Unnamed: 0,target,geometry,YEAR
0,1,POINT (4.41237 50.62403),2018
1,1,POINT (4.40775 50.65988),2018
2,2,POINT (4.42316 50.76876),2018
3,2,POINT (4.45993 50.69850),2018
4,2,POINT (4.45355 50.75219),2018
...,...,...,...
216,4,POINT (5.59582 50.69350),2018
217,1,POINT (5.52965 51.08706),2018
218,4,POINT (5.55633 51.10611),2018
219,1,POINT (5.55983 51.07032),2018


To extract the target point features, we use GFMap to distribute the target points over multiple hexagons. Each hexagon extraction will be performed in a separate openeo job. 
Splitting up jobs is necessary because processing a large area in one job would cause memory issues.

We use `split_job_hex` for distributing the target points over multiple hexagons.

In [4]:
input_split = split_job_hex(input_gpkg, max_points=500, grid_resolution=4)


  polygons["h3index"] = polygons.geometry.centroid.apply(


We then create a dataframe where each row represents a single hexagon, and thus batch_job.

In [5]:
def create_job_dataframe(split_jobs: List[gpd.GeoDataFrame]) -> pd.DataFrame:
    """Create a dataframe from the split jobs, containg all the necessary information to run the job."""
    rows = []
    for job in split_jobs:
        start_date = datetime.datetime(job.YEAR.min(), 1, 1)
        end_date = datetime.datetime(job.YEAR.max(), 12, 31)
        rows.append(pd.Series({
            'out_prefix': 'S1S2-stats',
            'out_extension': '.csv',
            'start_date': start_date,
            'end_date': end_date,
            'geometry': job.to_json()
        }))
    return pd.DataFrame(rows)

job_df = create_job_dataframe(input_split)

In [6]:
# job_df = job_df.iloc[:3] # testing: only run one job for now

## Define feature extraction

Next, we will define wich features we want to extract from openeo.

First we define the process graph, except the actual loading of a collection.
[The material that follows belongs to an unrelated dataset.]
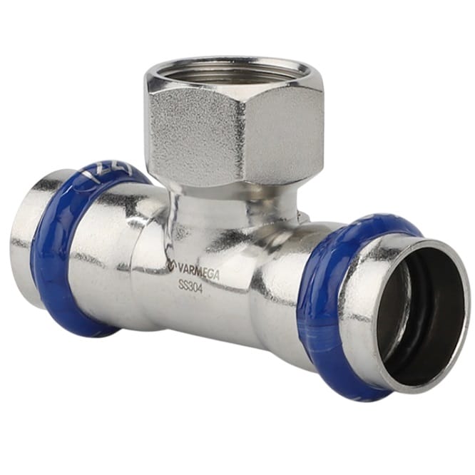 Тройник раструбный с внутренней резьбой Varmega Inox Press 22хВР1/2″х22

This will be done by using the GFMap specific methods.

In [7]:
def timesteps_as_bands(base_features):
    band_names = [band + "_m" + str(i+1) for band in base_features.metadata.band_names for i in range(12)]
    result =  base_features.apply_dimension(
        dimension='t', 
        target_dimension='bands', 
        process=lambda d: eop.array_create(data=d)
    )
    return result.rename_labels('bands', band_names)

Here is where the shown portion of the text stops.